Fallback scope boundary

  • selected transcript windows from the completed conversation
  • event ids stable across transcript and bundle
  • timestamps used only as metadata, not as the main filter
  • expansion requests allowed for referenced events

Salience selection

  • always include user input and final answer excerpts
  • include all errors, retries, verification, and file writes
  • include all events referenced by signal event_refs
  • summarize low-signal spans by counts and short descriptions

Review bundle shape

{
  "scope": {
    "kind": "foreground",
    "session_id": "...",
    "invocation_id": "...",
    "started_at": "...",
    "finished_at": "..."
  },
  "skill_issue_signal": {
    "kind": "update_candidate",
    "skill_name": "notion-database-filters",
    "issue": "wrong_api_assumption",
    "reason_not_patched": "needs_existing_skill_diff",
    "observed_effect": "retry_after_user_correction",
    "event_refs": ["e17", "e19", "e21"],
    "patch_hint": "Use rich_text filter for this property."
  },
  "timeline_index": [
    { "id": "e17", "kind": "tool_use", "tool": "mcp__notion__query_database" }
  ],
  "included_events": [
    { "id": "e17", "reason": "signal_ref", "detail": "..." },
    { "id": "e19", "reason": "retry", "detail": "..." },
    { "id": "e21", "reason": "success_after_retry", "detail": "..." }
  ],
  "omitted_spans": [
    { "range": ["e22", "e80"], "summary": "read-only repository inspection" }
  ]
}

Why not always raw JSONL?

  • full sessions may hit context limits or trigger compaction
  • tail-only truncation can drop the important early surprise
  • date-only filtering still includes long low-value stretches
  • event ids let the foreground model point to exactly what mattered
  • fresh review session has predictable context and cost

Where Right Differs From Hermes

Boundary

Sandbox-local skill content

Hermes writes agent-created skills into the user's Hermes skills tree. Right keeps learned package files inside the agent sandbox in stage 1; host stores metadata only.

Trigger

Foreground plus nudges

Hermes supports foreground and background learning. Right ships foreground learning first, but records nudge-ready signals and counters from day one.

UX

Receipt, not approval

No approval queue. The value is visible through learned/used receipts, usually in the same response that created or updated the skill.

API

MCP start/finish only

Learning MCP tools validate skill names, send progress/receipts, and record metadata.
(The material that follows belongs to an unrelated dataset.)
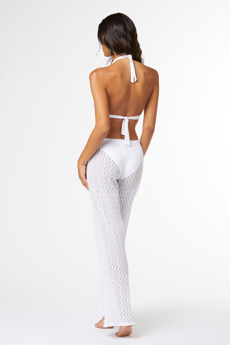 Pantalone a gamba dritta in pizzo stretch, con comoda coulisse in vita.

The agent writes files directly; MCP never imports arbitrary host paths.

Scope

No curator in stage 1

Curator-style stale/archive/consolidation is deferred until learned skills exist and usage telemetry is meaningful.

Format

Full Agent Skills package

scripts/, references/, and assets/ are supported from the start; this is not a markdown-only memory feature.

Development start: implement right-learn-skill, sandbox-local learned skill publishing, rl-* create prefix, mcp__right__skill_learning_start, mcp__right__skill_learning_finish, used-skill receipts, signal schema, provenance, and nudge counters. The background worker can remain disabled until the foreground loop has real data to review.